Keep the images out while you set down the data exactly.

---- Data below

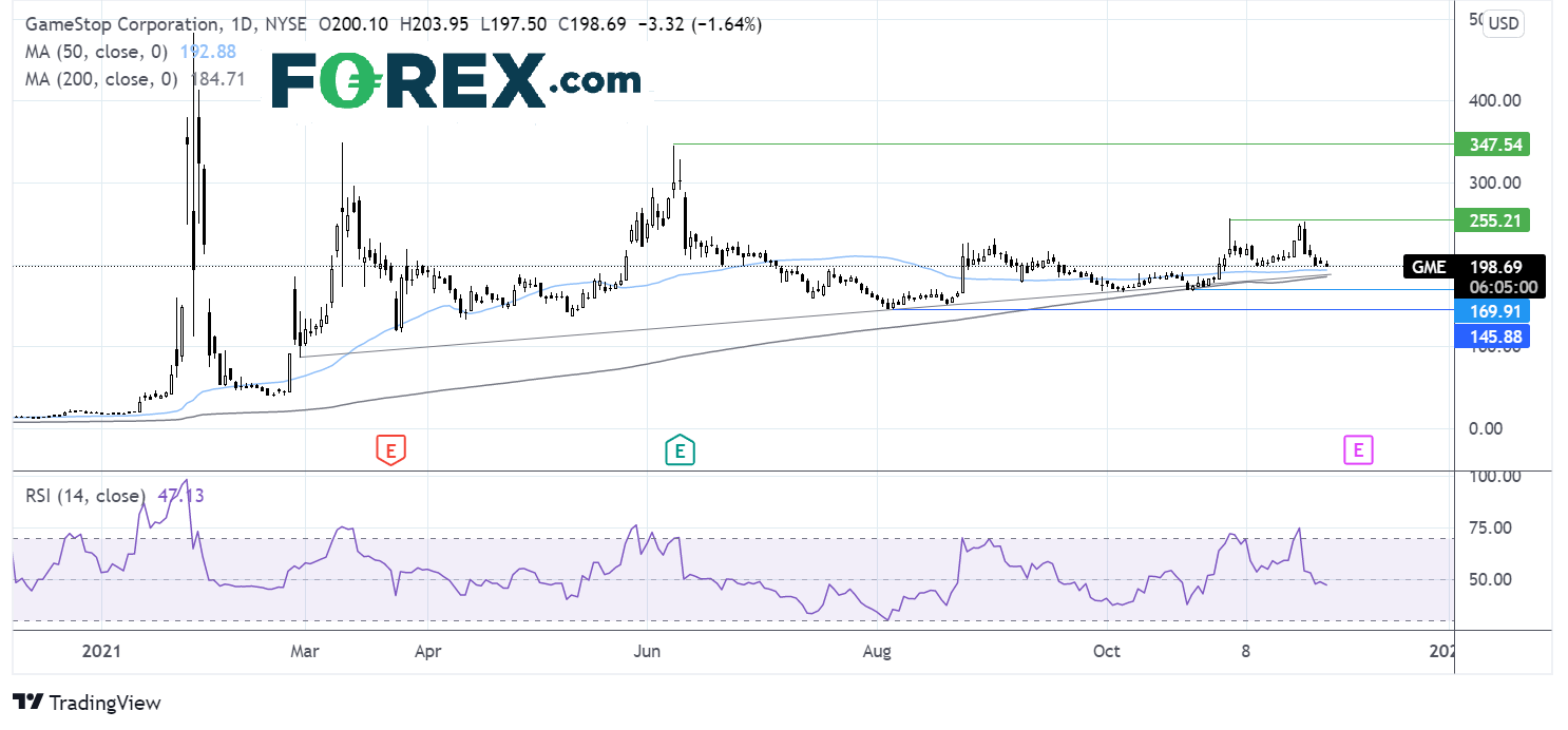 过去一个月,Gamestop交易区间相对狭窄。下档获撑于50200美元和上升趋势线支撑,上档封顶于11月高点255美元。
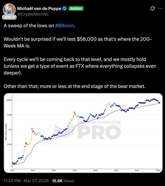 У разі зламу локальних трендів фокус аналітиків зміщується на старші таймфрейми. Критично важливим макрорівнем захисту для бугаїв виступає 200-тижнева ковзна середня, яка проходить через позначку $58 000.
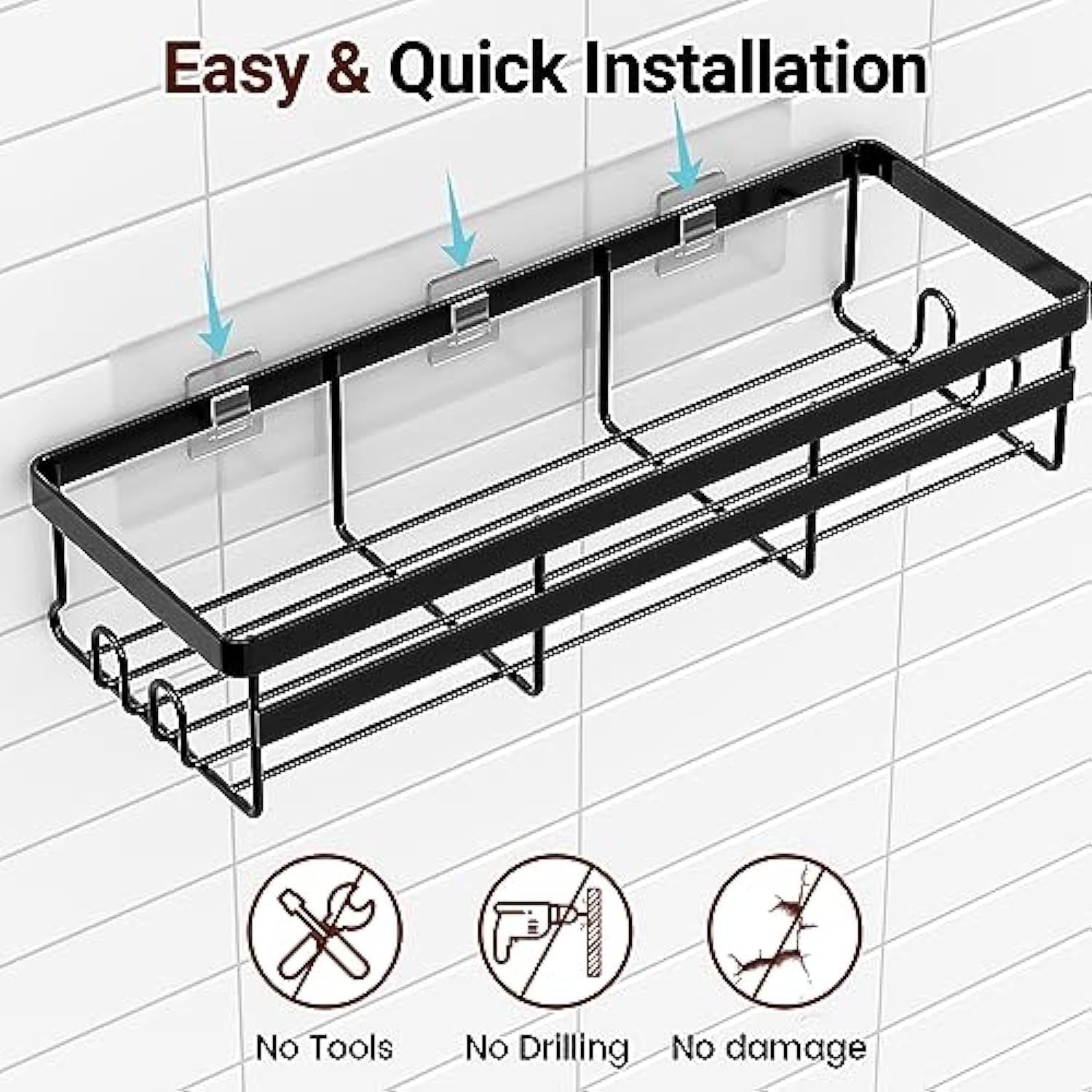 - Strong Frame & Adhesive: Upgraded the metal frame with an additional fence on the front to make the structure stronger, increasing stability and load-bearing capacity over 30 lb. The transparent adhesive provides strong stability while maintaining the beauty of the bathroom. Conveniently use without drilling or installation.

--------

Exercise solution -
 过去一个月,Gamestop交易区间相对狭窄。下档获撑于50200美元和上升趋势线支撑,上档封顶于11月高点255美元。
 У разі зламу локальних трендів фокус аналітиків зміщується на старші таймфрейми. Критично важливим макрорівнем захисту для бугаїв виступає 200-тижнева ковзна середня, яка проходить через позначку $58 000.
 - Strong Frame & Adhesive: Upgraded the metal frame with an additional fence on the front to make the structure stronger, increasing stability and load-bearing capacity over 30 lb. The transparent adhesive provides strong stability while maintaining the beauty of the bathroom. Conveniently use without drilling or installation.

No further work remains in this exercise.